Change of joint title causes family rift

You readers certainly send me a lot of interesting questions. Here is another I recently received that I believe will be of interest to many of you: "I hold a house in joint tenancy with my mother. She became ill and decided to change her "will". She gave a copy of the title to her lawyer and asked him to include it in her "WILL". Was it legal for him to do this without letting me know what he was doing? My mother has since passed away, and it has created a huge split in the family."

There are a couple of issues here. Let's take them one at a time. My first question on reading this note was whether the title was actually held as joint tenants, or whether it was held as tenants-in-common. The fact that there are two names on a title doesn't make it joint, (which many people find hard to accept, but there it is) so it's possible that the writer of this question was incorrect as to whether it's joint.

That leads us to the issue of what a person can do with a title in his or her Will. If the title to the property really was a joint ownership, then there is a right of survival for the surviving joint tenant, in this case the son or daughter of the mother. Nothing the mother said in the Will would change that and the title to the entire property would pass to the surviving joint tenant.

On the other hand, if the co-owners of the property were tenants-in-common, then the mother could say in her Will who is to get the title to her half of the property. The other tenant in common would still own a half, while the second half was divided up per the Will.

As you can see, how an asset is owned makes a world of difference. How do you know whether you and the other person on your title are joint or tenants-in-common? Get an update title to the property from your local land registry and read it. The title will tell you. If it's not the way you want it to be, you can change it or fix it.

The next question asked by the writer of this question was whether it was legal to change the mother's Will without telling the other property owner. As far as I'm concerned, the lawyer was absolutely right to keep the mother's wishes private. The mother is the client, not the co-owner. Lawyers can't discuss their clients' instructions or situations with anyone else without the client's express direction or permission. Obviously this person's Mom believed she knew what she wanted.

Something I don't know about this fact situation that I would ask if this person came to see me in my office is how the mother and offspring came to own a house together in the first place. I'd be curious to know whether it was once the family home, and whether the son/daughter was the one paying for the property tax, mortgage and upkeep.

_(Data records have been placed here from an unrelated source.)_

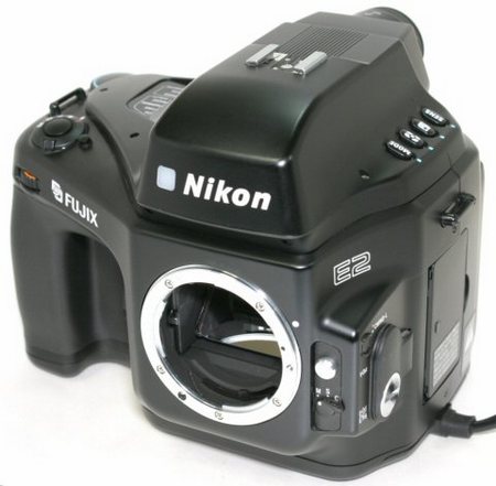 Собственная же цифровая камера была выпущена компанией Nikon в 1995 году. Это была цифровая «зеркалка» профессионального уровня Nikon E2 с 2/3-дюймовой ССD-матрицей, имевшей разрешение 1,3 мегапикселя. По тем временам технические характеристики камеры были на самом высоком уровне, однако модель Nikon E2 была обделена какой-либо большой популярностью. Первой же по-настоящему успешной цифровой зеркальной камерой для Nikon стала модель D1 1999 года, которая имела уже разрешение 2,74 мегапикселя и обеспечивала серийную съемку со скоростью 4,5 кадра в секунду.
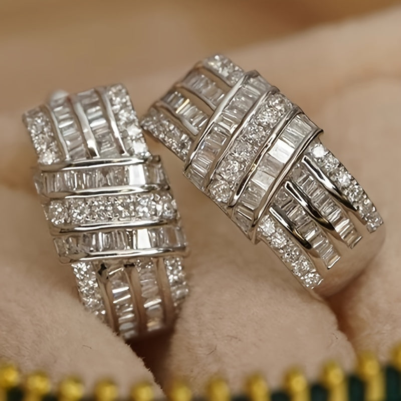 Ladies Elegant Copper Ring Earrings - Synthetic Cubic Zirconia, Shiny Style, Nickel Free, Everyday & Wedding Occasions, April Birthstones, All Season Accessories
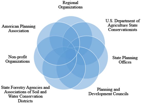 A stakeholder-driven comprehensive water resource planning process in the Potomac basin resulted in a renewed desire to promote integrated land and water decision-making []. The comprehensive plan was completed in 2018 and included participation from a range of geographically and substantively diverse organizations. The five major topic areas of the plan are ensuring sustainable water use and supplies, protecting and improving water quality, managing human land use for sustainability, protecting ecological health, and addressing challenges that cut across these topic areas (e.g., source water protection, climate change, and floods and droughts). The implementation of the land use component of the plan focuses on enhanced information sharing among land and water managers and stakeholders. The goal is to inform sound land use decision-making that supports sustainable water resource management [].
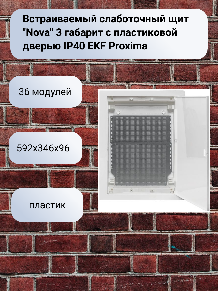 Щит слаботочный встраив. "Nova" 3 габ. с пласт. дверью IP40 PROxima | код. nv-mb-pd-3 | EKF ( 1шт. )
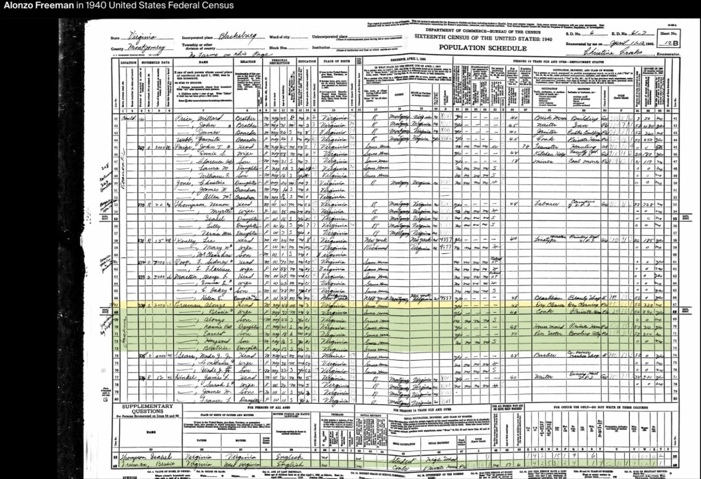 Freeman family in Blacksburg, Va on Jackson St (1st St) in US Census 1940.
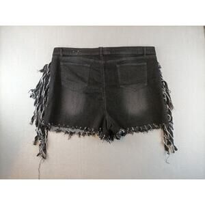 Fashion to Figure Womens Black Fringe Side Denim Shorts Size 26
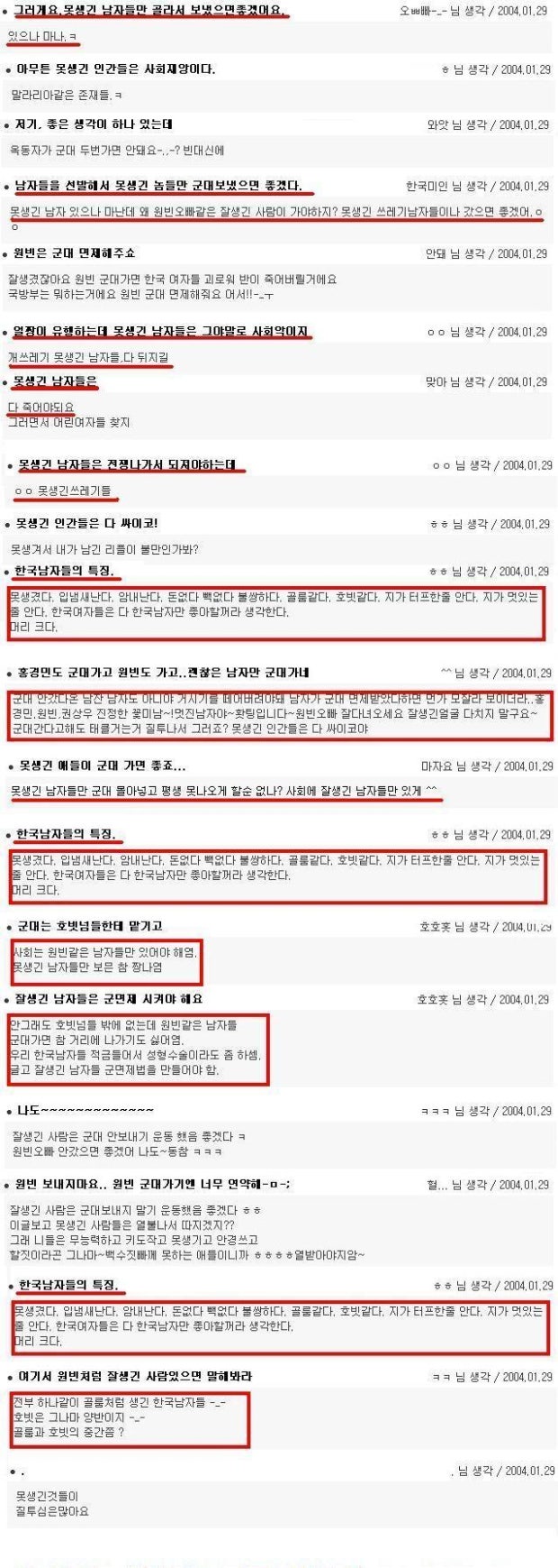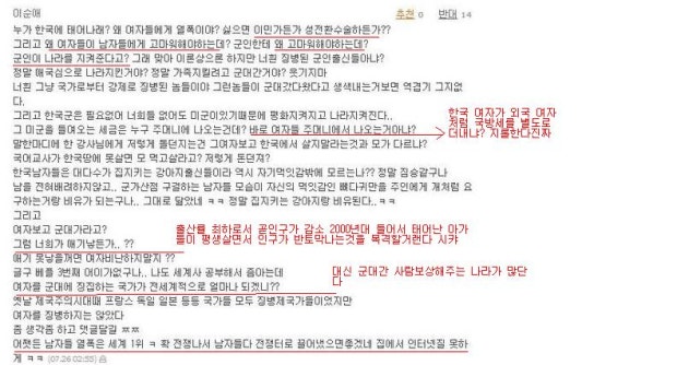 "전쟁나면 남자가 총알받이하고 미군이 와서 싸우겠지 ㅋㅋㅋ
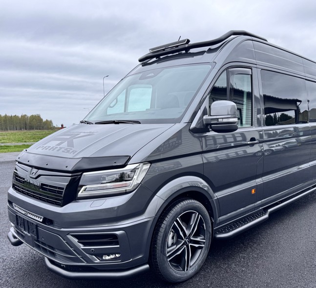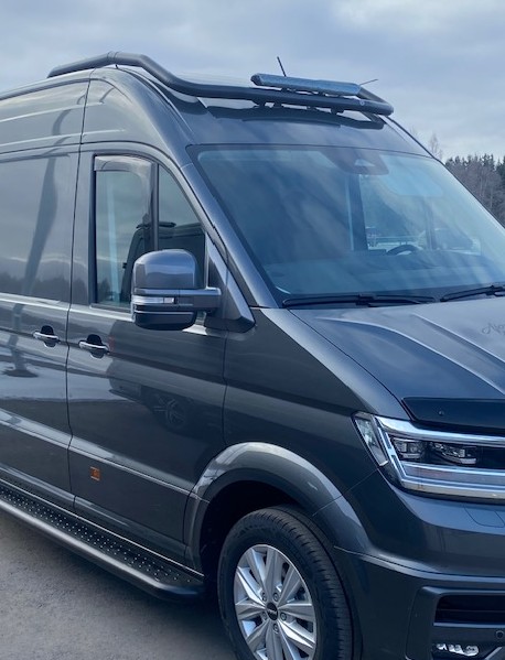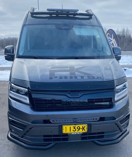 VW Crafter / MAN TGE 2017-> Musta valoteline tuulilasin yläpuolelle H2. Upea mustaksi pulverimaalattu eteen tuulilasin päälle asennettava valorauta vm. 2017 ja uudempiin korkea H2 kattoisiin Craftereihin ja MAN TGE -malleihin
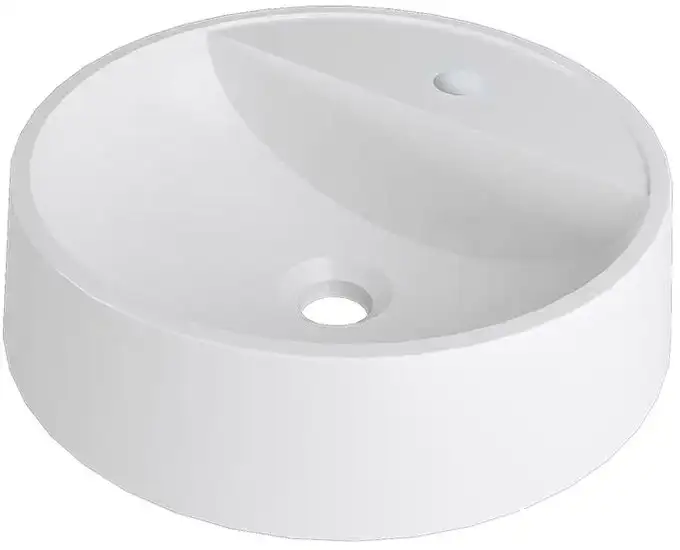 Умывальник Madera Luna 40 — это круглая модель с одной чашей, которая легко крепится на столешницу. Он сделан из искусственного мрамора и имеет белый цвет, что отлично подходит для любой ванной комнаты. Умывальник не имеет отверстия под смеситель и перелива, поэтому его нужно устанавливать с отдельным смесителем. Размеры умывальника — 38,5 см в ширину и глубину, а высота — 11 см, он компактный и занимает мало места. Конструкция накладная, что облегчает монтаж и уход за изделием. Этот умывальник хорошо подходит для тех, кто ценит простоту и аккуратный внешний вид. Также он не имеет дополнительных полок или полотенцедержателей, что делает его минималистичным и удобным в использовании.
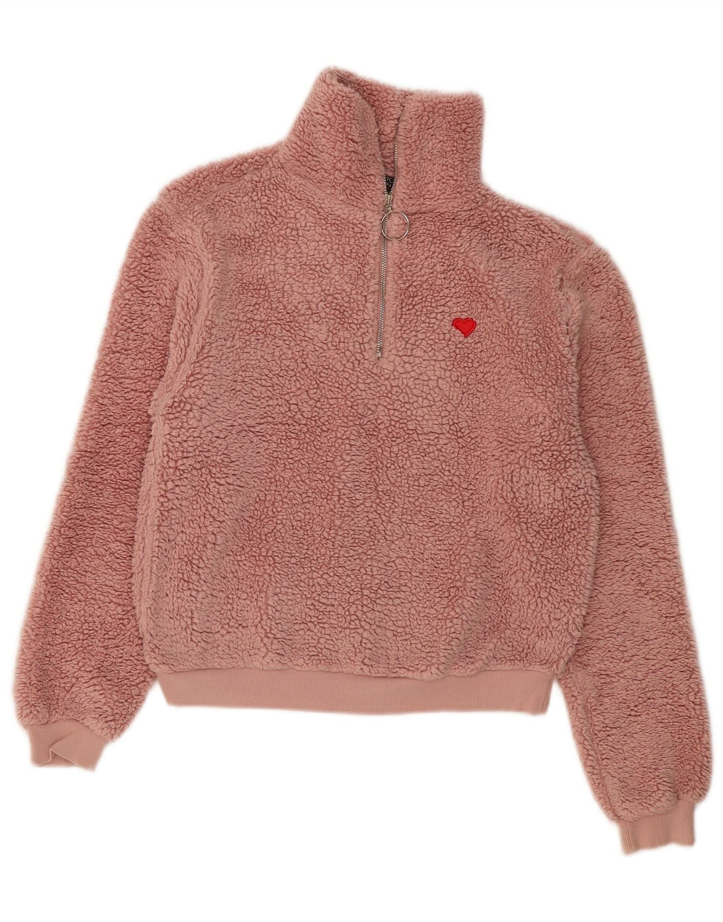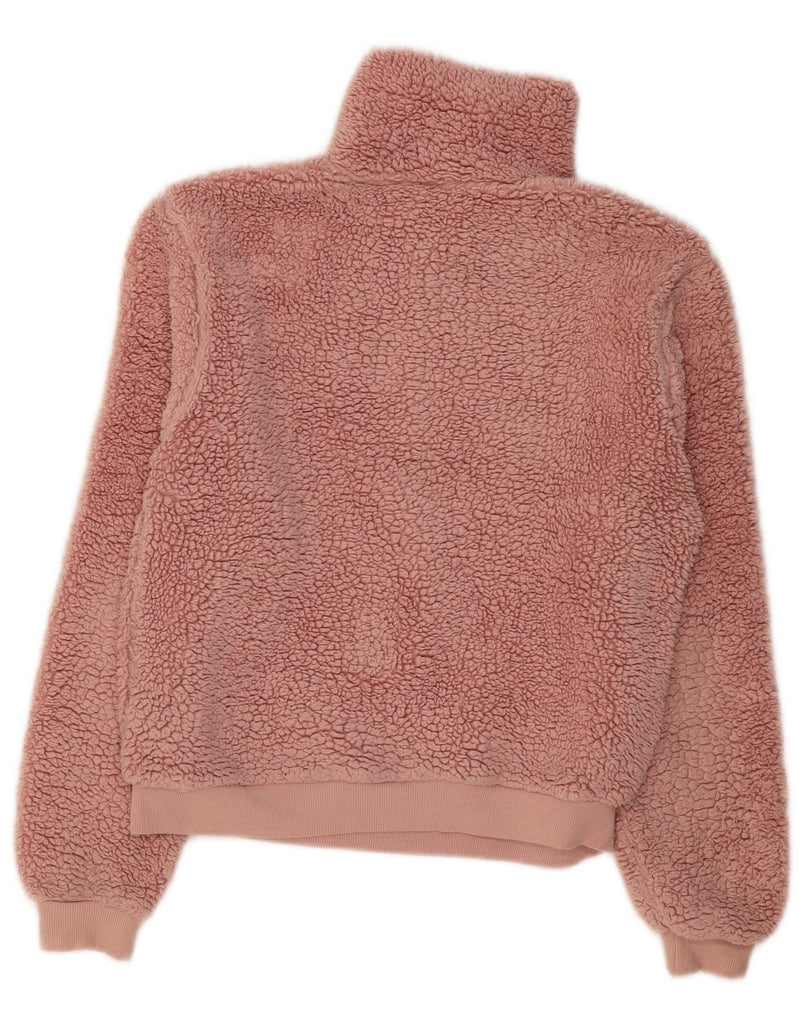 TOPSHOP Womens Loose Fit Zip Neck Fleece Jumper UK 8 Small Pink Polyester
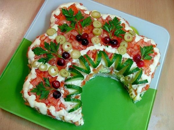 Étape 11 Sur le contour de la salade, faire un trait de mayonnaise, garnir d'olives, de maïs, de graines de grenade et de feuilles de persil. Vous pouvez également utiliser des baies, des canneberges ou du viorne pour la décoration.
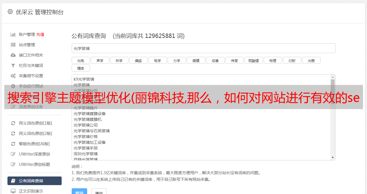 优采云 发布时间: 2021-12-31 07:16搜索引擎主题模型优化(丽锦科技,那么,如何对网站进行有效的seo操作)
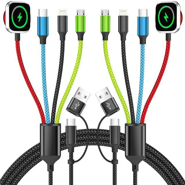 4-in-2 Multi Charging Cable All-in-One Travel Solution Combining USB A and USB C input with Lightning, USB-C, Micro-USB and iWatch charger outputs, this versatile 4-in-2 cable powers multiple watch and Android devices simultaneouslyideal for iPhone 175, iWatch Ultra/SE/112, iPad, and Galaxy S25S21. One cable covers all your charging needs. (iOS connectors support data sync only, 480Mbps)

I'm sorry to hear about the split in the family, but sadly I'm not surprised. People taking legal steps such as putting property into joint names (or taking it out) without legal advice pretty much always leads to trouble. It seems so simple on the face of it - simply to change the name on something - but the fall-out from unintended consequences can upset the family for many years to come.

1 comment:

  1. Hi Lynne,

    I am a law student and I am doing an assignment on joint tenancy in Ontario.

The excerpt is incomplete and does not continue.